When the share transfer tax was first introduced in 1905, stock transactions required a physical presence on a stock exchange. Since there were only a few exchanges, the tax did not impose a competitive disadvantage on New York. However, technology now makes it possible to initiate transactions anywhere. Lawyers’ estimates of potential revenue are based on the assumption that any transaction going through a New York-based stock exchange (NYSE and NASDAQ) would be subject to tax; however, the vast majority of transactions are conducted electronically and processed through servers located in New Jersey. For the purposes of determining liability, the location of digital transactions and whether they are taxable in New York has not been established by law, regulation or litigation. For example, if a non-resident of New York State called their broker in New York to complete a transaction and that transaction was conducted on the NYSE floor, it would be taxable. However, if she logs into her IRA account online and sets up a transaction that is done electronically on servers in New Jersey, that transaction is likely not taxable under current rules. For this reason, the tax is unlikely to generate as much as claimed.

In recent weeks, the New York Stock Exchange and NASDAQ have both discussed moving their data centers out of New Jersey in response to reports that New Jersey may impose a tax on share transfers. Technology has made it easier to process trades outside of physical New York trading floors, and the tax may encourage moving transfers of shares from one exchange to another. Countries like Sweden and Germany have experienced corporate relocations and declining levels of trade after enacting a tax on stock transfers, leading them to repeal their taxes afterwards.

Even if the tax is passed on to consumers through higher fees, a tax implemented only in New York will impact location decisions, as these fees will make New York-based businesses less competitive.

Three bills to restore the tax have been introduced in the Legislative Assembly. Two of those bills – introduced by State Senator Zellnor Myrie and one introduced by Assembly Member Erik Dilan – would reduce the rebates to 60% and 80%, respectively. Since these proposals maintain the current definition of a transfer, any transaction processed out of state would likely avoid taxation. As a result, traders would be incentivized to move trade processing out of New York City, which would reduce potential income; but companies would not have a strong incentive to physically leave the state if transactions processed outside New York by New York-based companies are not taxable.
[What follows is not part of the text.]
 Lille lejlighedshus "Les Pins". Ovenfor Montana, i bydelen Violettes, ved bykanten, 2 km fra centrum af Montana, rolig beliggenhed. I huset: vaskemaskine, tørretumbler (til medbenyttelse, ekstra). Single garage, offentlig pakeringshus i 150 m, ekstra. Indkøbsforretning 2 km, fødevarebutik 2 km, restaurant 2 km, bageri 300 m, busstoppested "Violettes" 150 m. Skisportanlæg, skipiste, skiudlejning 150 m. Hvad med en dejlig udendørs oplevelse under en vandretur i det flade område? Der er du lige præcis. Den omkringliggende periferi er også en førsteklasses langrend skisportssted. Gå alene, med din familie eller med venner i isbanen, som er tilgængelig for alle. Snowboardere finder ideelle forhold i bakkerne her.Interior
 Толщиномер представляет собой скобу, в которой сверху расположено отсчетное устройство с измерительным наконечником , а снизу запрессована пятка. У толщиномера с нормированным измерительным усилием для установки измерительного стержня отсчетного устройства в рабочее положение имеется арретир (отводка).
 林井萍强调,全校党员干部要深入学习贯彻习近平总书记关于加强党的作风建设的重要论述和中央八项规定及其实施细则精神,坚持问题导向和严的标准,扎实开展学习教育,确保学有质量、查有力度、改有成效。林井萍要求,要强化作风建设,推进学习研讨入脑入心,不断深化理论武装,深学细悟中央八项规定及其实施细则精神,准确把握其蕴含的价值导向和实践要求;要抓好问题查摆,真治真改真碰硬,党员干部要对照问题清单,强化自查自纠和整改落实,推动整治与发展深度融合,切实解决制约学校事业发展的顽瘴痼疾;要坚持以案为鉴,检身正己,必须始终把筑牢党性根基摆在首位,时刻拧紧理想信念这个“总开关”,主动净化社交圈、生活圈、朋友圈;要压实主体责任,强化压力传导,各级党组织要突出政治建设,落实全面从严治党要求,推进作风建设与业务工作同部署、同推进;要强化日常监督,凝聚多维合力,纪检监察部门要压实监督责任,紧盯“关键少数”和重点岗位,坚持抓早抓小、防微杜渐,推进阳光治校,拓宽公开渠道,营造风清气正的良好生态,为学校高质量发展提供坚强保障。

Another bill, sponsored by State Senator James Sanders Jr. and Assembly Member Phil Steck, would completely repeal the rebate and broaden the tax base to include transactions where any trade-related action. occurs in the state or if a party involved in the transaction works or lives in New York. The application of the tax, which places New York businesses and investors at a significant competitive disadvantage compared to merchants located outside New York. Unlike the other proposals, expanding the definition of a taxable transaction would encourage companies to physically move their business operations out of New York. This proposal may generate considerably more revenue than others in the short term, but once businesses decide to eliminate their taxes payable, collections will go down and jobs could be lost.
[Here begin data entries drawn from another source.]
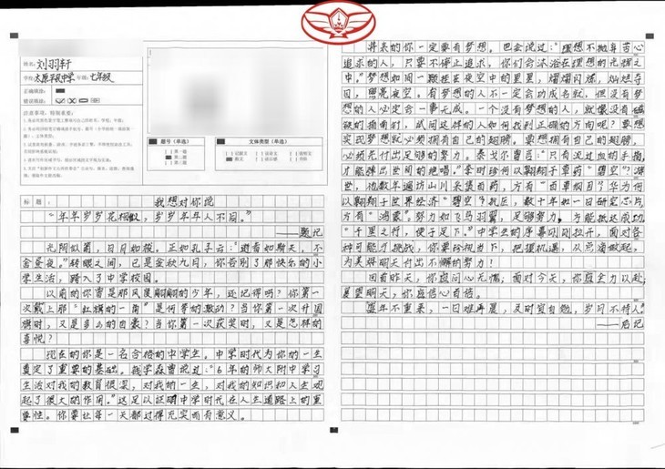 这篇散文字里行间洋溢着踏实勤勉、锐意进取的少年风采,文章跨越过去、现在、未来,以时间为序,层层递进,所想所感所悟随笔尖款款流出,小作者敞开心灵、纵横古今,剖析自我,思考生活。整散相间、流畅自如的语言中弥散着灵动的才思。相信刘羽轩同学今后不仅怀揣理想,更会追逐梦想,斗志昂扬地迎接青春的挑战!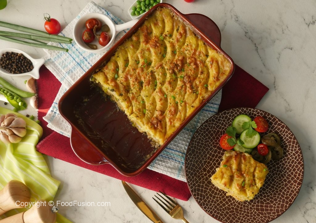 In a 10 x 4 inch baking dish layer prepared sauce, fried fish, mozzarella cheese, cheddar cheese & prepared creamy potato. Level it with the help of spoon & make some design.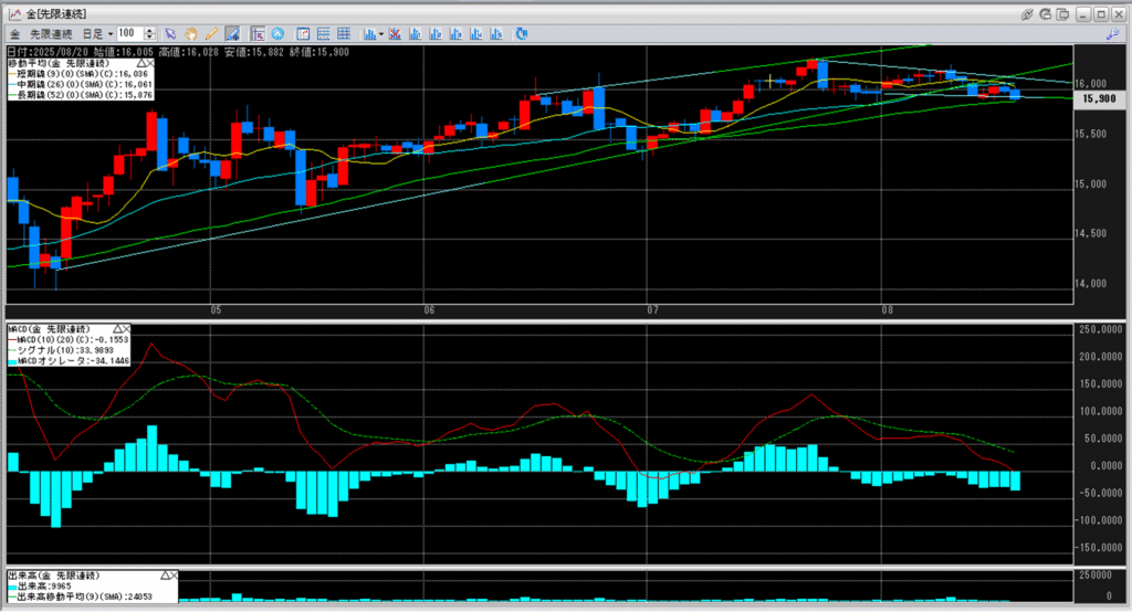 移動平均線の真ん中に位置している短期線16,036円を割り込んで、
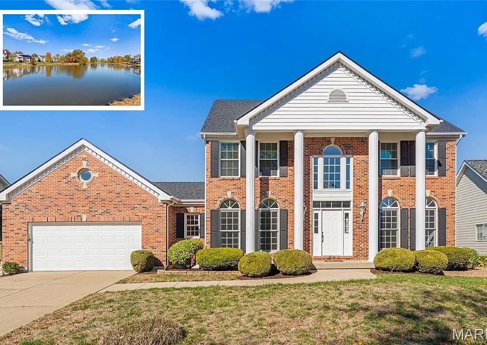 Nestled on a premier waterfront lot in the esteemed Orchards Subdivision and within the highly rated Mascoutah School Dist. this stately 2-story home offers timeless curb appeal, serene water views and NEW ROOF! Featuring 4 beds, 4 baths, 2 car garage and finished walkout basement, this meticulously maintained home combines comfort, style, and VALUE! With 9ft ceilings throughout main level, the welcoming 2 story entry is flanked by a formal dining room and a formal sitting area, leading to a spacious living room with a gas fireplace and bay windows overlooking the serene water views. The well lit eat-in kitchen features multiple pantries, stationary desk, center island and direct access to the NEW DECK—perfect for entertaining or peaceful evenings overlooking the water! A powder room and dedicated laundry room complete the main level. Upstairs, the primary suite impresses with French door entry, bay windows to enjoy the view, and a spa-inspired en-suite w/ soaking tub, separate shower, dual vanities and oversized walk-in closet. Two additional guest bedrooms and a full guest bath complete the upper level.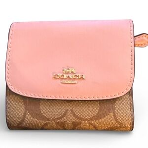 Elegant wristlet with signature Coach pattern. Features coach Poppy face plate with some rubbing on it.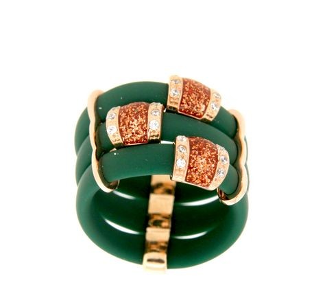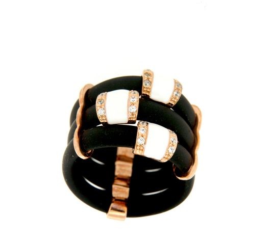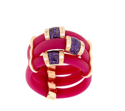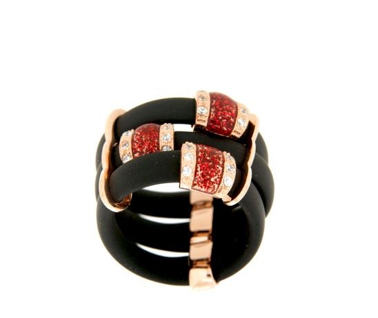 Anello in argento tit. 925m. con caucciù e smalto colorato.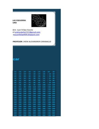 Le document présente la table de multiplication de 1 à 20. Chaque ligne contient les résultats de la multiplication d'un nombre par tous les nombres de 0 à 20. Les résultats sont organisés en format tabulaire pour une consultation facile.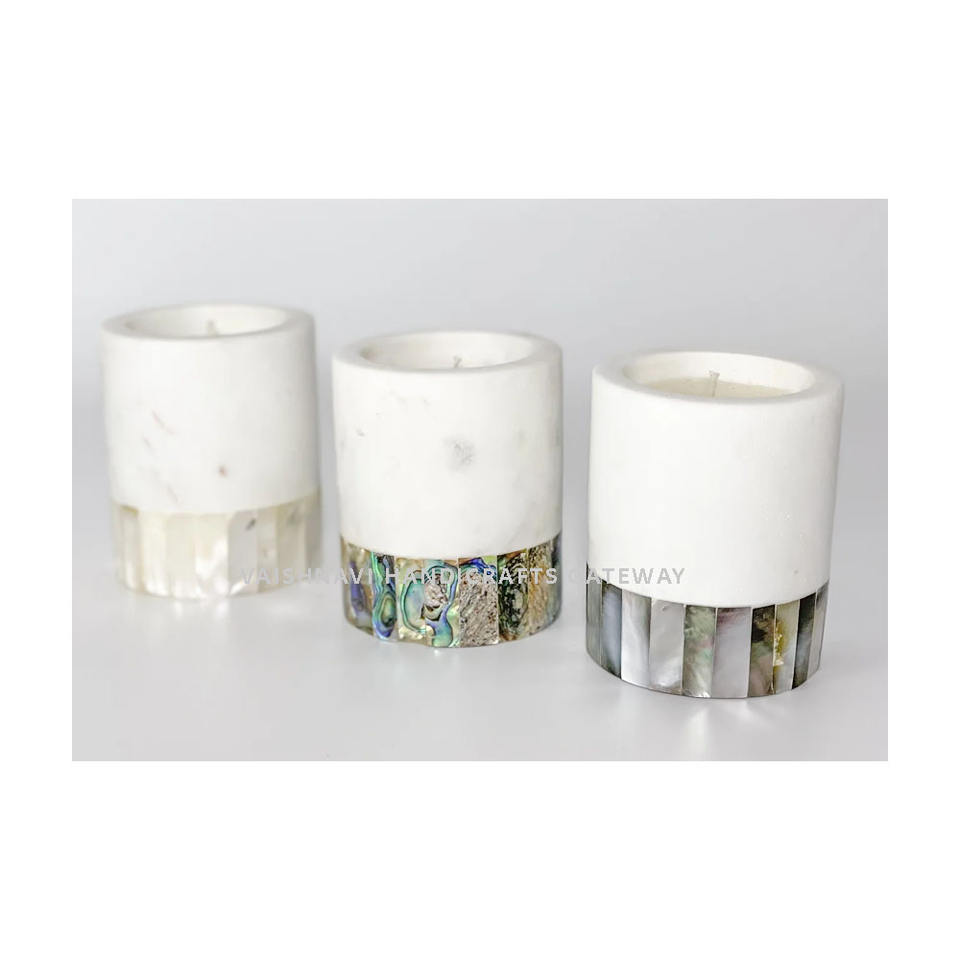 Product Name:Marble With Natural Abalone Stone Work Candle Holder For Home

New York’s fiscal discrepancies are real, but the projected income from the stock transfer tax stimulus is not a real solution. New York’s leaders should reject the proposals and instead make other tough choices to balance New York’s budget.
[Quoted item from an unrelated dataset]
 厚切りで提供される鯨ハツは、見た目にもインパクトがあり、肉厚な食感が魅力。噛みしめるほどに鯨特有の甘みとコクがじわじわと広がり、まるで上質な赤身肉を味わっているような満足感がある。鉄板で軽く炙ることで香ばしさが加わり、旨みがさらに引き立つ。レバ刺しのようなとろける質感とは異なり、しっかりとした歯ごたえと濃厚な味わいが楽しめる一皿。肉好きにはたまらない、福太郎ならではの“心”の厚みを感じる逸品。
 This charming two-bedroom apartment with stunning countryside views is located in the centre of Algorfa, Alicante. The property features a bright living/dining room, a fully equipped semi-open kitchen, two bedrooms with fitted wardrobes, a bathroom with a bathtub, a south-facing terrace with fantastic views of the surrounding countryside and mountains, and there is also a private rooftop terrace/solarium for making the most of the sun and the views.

The Citizens Budget Commission has identified more than $ 8 billion in options to close the current year gap and not hurt New York’s competitiveness. They include using state funds for rainy days, selling assets like golf courses, cutting back aid to wealthy school districts, and funding critical capital investments like the maintenance of roads and bridges with debt instead of tax revenue. Capital projects are an appropriate use of debt because the assets created will be used by future generations. Additional gap-closing measures will need to be adopted in the years to come, but New York’s severe fiscal crisis must not be addressed with policies that would hurt future economic growth.